Many Chronically Ill Elderly Live Alone

Tuesday, October 5th, 2010 by American Senior Fitness Association   View This Issue of Experience!

Family and friends outside of the household are an important resource for older adults with chronic health problems, according to University of Michigan (U-M) research. Below is a report on the subject from the University of Michigan Health System:

Almost 40 percent of chronically ill older adults in the U.S. live alone, and a majority of those who are married have spouses with at least one chronic illness than can affect their ability to provide support, according to a U-M study published in the journal Chronic Illness.

The results underscore the importance of health care professionals directly addressing the roles that family members play in the care of their aging parents or other relatives.

"Family members have the potential to significantly help many patients with chronic illness manage their health conditions," says co-author Ann-Marie Rosland, MD, clinical lecturer in the Department of Internal Medicine at the University of Michigan Medical School and research investigator for the Center for Clinical Management Research in the VA Ann Arbor Healthcare System.

"However those family members need more than just information to be successful. We need to teach family members communication skills and provide the tools that they can use to encourage patients to stick to their health regimen."

The study’s authors looked at U.S. residents who were age 51 or older with chronic health problems who participated in the 2006 Health and Retirement Study, a national longitudinal study conducted at the University of Michigan’s Institute for Social Research and funded by the National Institute on Aging.

Researchers found that 93 percent of the chronically ill older adults had adult children, but for half of them, the children lived more than 10 miles away. Roughly 19 million older chronically ill Americans have adult children living at a distance.

"Even when a spouse is available, the vast majority struggle with their own
chronic medical needs and functional limitations," says John D. Piette, PhD, professor of internal medicine and a senior career scientist with the VA Ann Arbor Healthcare System.

"Fortunately, most of these people had adult children who could be another source of support for their chronic illness care," he says. "But these
relationships are increasingly strained as adult children move farther away from their parents to seek employment or find a more affordable living situation. Distances pose a barrier to the monitoring and frequent support for behavior change that many chronically ill patients need."

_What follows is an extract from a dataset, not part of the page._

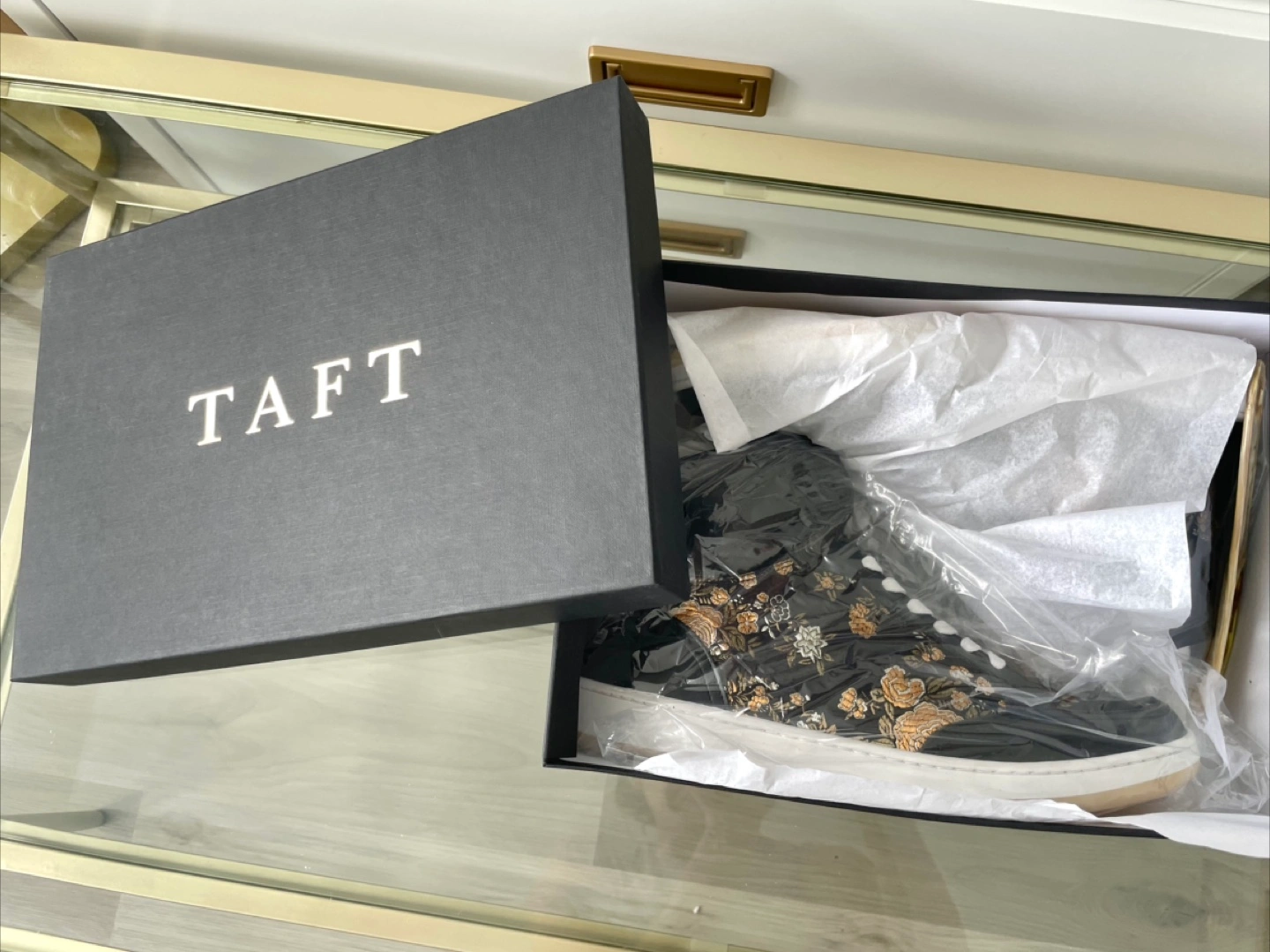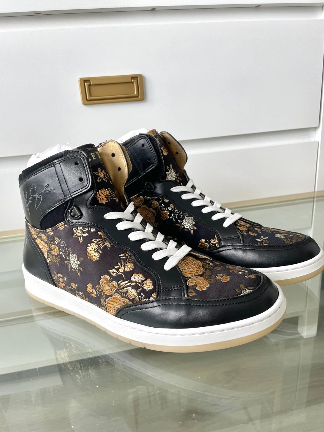 Selling a pair of Taft The Rapido high-top sneakers in Eden Noir, size US 10.5. These stylish sneakers come with their original box. Made in Spain, they feature a unique floral design on a black background. Perfect for adding a touch of flair to your wardrobe!

Piette and his colleagues at U-M are working to develop telephone monitoring systems that involve family members in a relative’s care through email alerts or automated phone calls. The "CarePartners" program has been developed for
patients with heart failure, diabetes, depression, and cancer chemotherapy. The program is being studied as part of randomized trials and community demonstration programs.

"We know that people with family support follow their self-care regimen more regularly and this is vital to maintaining their health," says Maria Silveira, MD, MPH, physician scientist at the VA Ann Arbor Healthcare System and assistant professor of internal medicine at the U-M Medical School.

"The challenges facing chronically ill patients, their families and their clinical teams are enormous," Piette says. "We need a recognition that for many patients ‘self’ management is a misnomer, since their disease care is actually shared by their family and broader social network."

Informal caregivers play essential roles in filling the gaps in services found in most formal health care systems, such as providing assistance with transportation, medication refilling, emotional support, activities of daily living and a host of other vital tasks.

"Indeed, for many chronically ill patients, sharing their burden with intimate others makes living with their disease not only possible physically, but also worthwhile emotionally and spiritually," says Piette.